I will rephrase my previous answer: the server SHALL send a disconnect in that situation; it is not optional. All subsequent requests (up to the expected one) are not further considered.
I patched Calimero with a simple provisory workaround to treat exactly this situation. The trap since then logs/triggers about 5 to 10 times a day but just works without any service interruption.
Last edit: Kusis 2016-12-04
It would be good to know why that whole situation (which requires the workaround) occurs (besides that there is some bug that needs to be fixed). Is it specific to some hardware/setup etc. ?
You are aware that such workaround basically subverts reliable in-order delivery of cEMI frames of the tunneling protocol (and is outside the specification).
Yes, I am aware of that. But a missed frame is a missed frame. If it doesn't come it is lost and even a reconnection will not make it appear again.
I don't think this is a special situation but just a use case with a lot of UDP traffice on the network and there might be from time to time a conflict and the workaround at least fixes this single situation and makes the best of the situation for the moment. Reconnect would make it worth because the telegram which came in with the "invalid" sequence number would be lost as well.
In theory this situation shouldn't be possible, so my assumption is that Calimero doesn't increase the counter somewhere where it should (or my Siemens Instabus IP Interface is faulty).

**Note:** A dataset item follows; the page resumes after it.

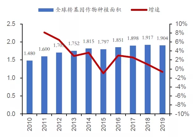 圖表2 全球轉(zhuǎn)基因作物種植面積及增速,億公頃

If anyone hitting this issue: seems to be fixed in v2.3 (see Github) using the workaround.
https://github.com/calimero-project/calimero-core/issues/39
If anyone is wondering why this was only integrated into Calimero as an opt-in feature, here are the clauses from the KNX specifications that Boris was referring to (Chapter 3/8/4 "Tunnelling" v01.05.03 AS, Section 2.6):
"If a KNXnet/IP Tunnelling Client receives a frame with a sequence number that is not equal to the expected sequence number and not equal to one less than the expected sequence number, the KNXnet/IP Tunnelling Client shall not reply and shall discard the received frame."
"If the KNXnet/IP device does not receive a TUNNELLING_ACK frame within the TUNNELLING_REQUEST_TIMEOUT (= 1 second) [...], the sending device shall repeat the TUNNELLING_REQUEST frame once and then terminate the connection by sending a DISCONNECT_REQUEST frame to the other device’s control endpoint."
For all we know, Calimero adheres to these rules (unless this feature toggle is activated!). Only an actual network trace of the situation that the OP observed could give proof, however.